## Material to process
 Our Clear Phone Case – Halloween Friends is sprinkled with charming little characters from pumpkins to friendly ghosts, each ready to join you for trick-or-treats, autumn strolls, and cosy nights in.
--
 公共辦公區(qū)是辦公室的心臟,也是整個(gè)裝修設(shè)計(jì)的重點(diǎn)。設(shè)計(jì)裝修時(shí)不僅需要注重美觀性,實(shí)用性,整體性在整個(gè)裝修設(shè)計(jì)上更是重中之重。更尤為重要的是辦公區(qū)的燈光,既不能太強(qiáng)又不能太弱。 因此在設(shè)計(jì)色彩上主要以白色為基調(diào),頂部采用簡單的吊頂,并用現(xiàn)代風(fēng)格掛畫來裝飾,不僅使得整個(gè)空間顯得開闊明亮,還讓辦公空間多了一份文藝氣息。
* * *
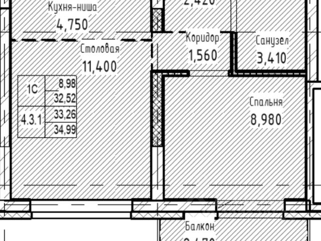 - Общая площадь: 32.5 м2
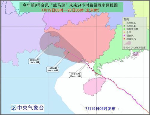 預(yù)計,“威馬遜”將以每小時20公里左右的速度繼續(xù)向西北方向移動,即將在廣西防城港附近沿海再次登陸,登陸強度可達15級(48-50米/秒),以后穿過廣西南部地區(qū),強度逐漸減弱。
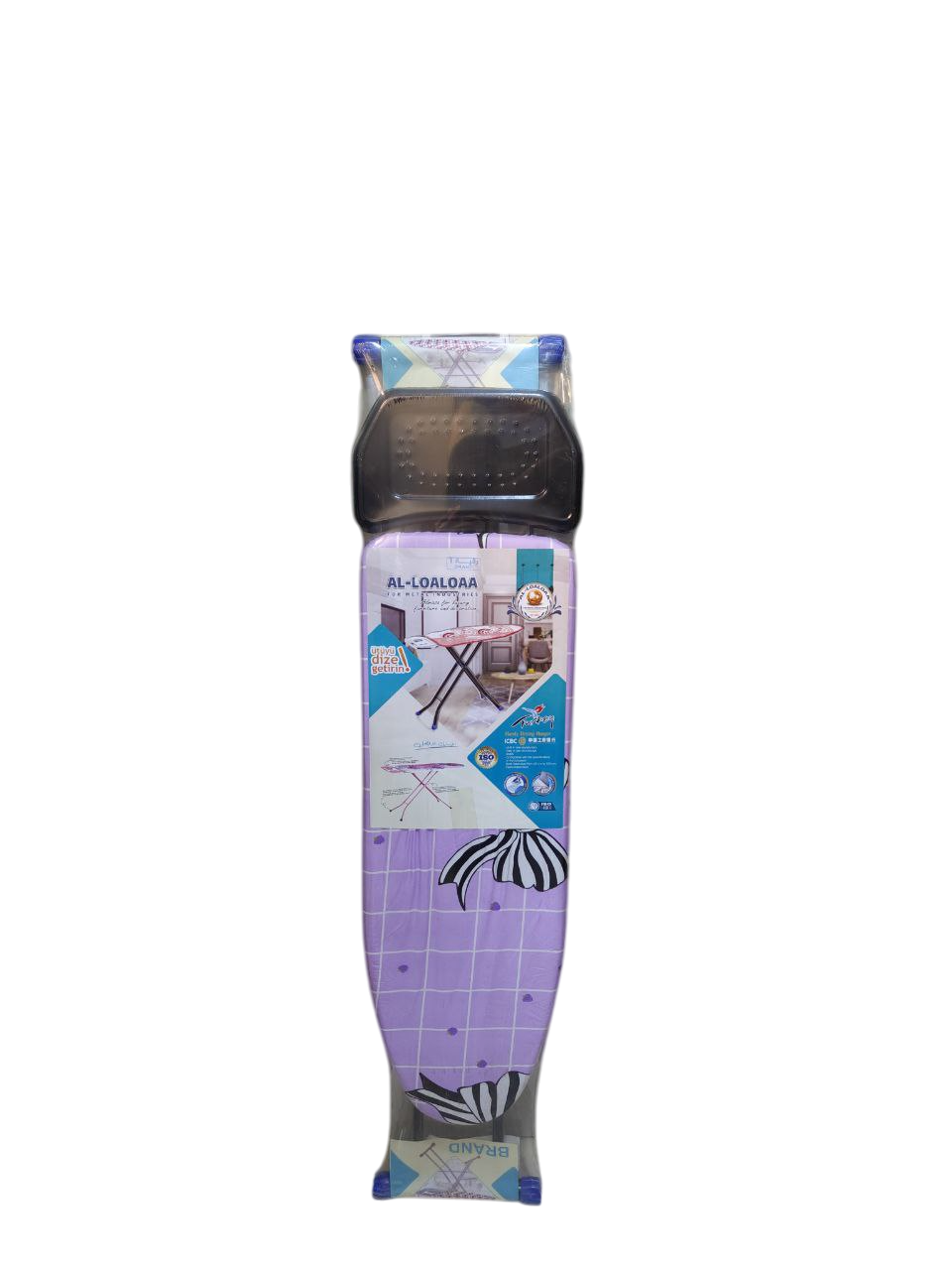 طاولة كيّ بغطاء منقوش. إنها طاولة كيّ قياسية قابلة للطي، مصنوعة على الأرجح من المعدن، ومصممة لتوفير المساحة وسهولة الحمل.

## What needs to be done
Reproduce the listing above from the line that holds "- Общая площадь: 32.5 м2" through the line that holds "طاولة كيّ بغطاء", both included, with the pictures left out.

## Response for this exercise
 - Общая площадь: 32.5 м2
 預(yù)計,“威馬遜”將以每小時20公里左右的速度繼續(xù)向西北方向移動,即將在廣西防城港附近沿海再次登陸,登陸強度可達15級(48-50米/秒),以后穿過廣西南部地區(qū),強度逐漸減弱。
 طاولة كيّ بغطاء منقوش. إنها طاولة كيّ قياسية قابلة للطي، مصنوعة على الأرجح من المعدن، ومصممة لتوفير المساحة وسهولة الحمل.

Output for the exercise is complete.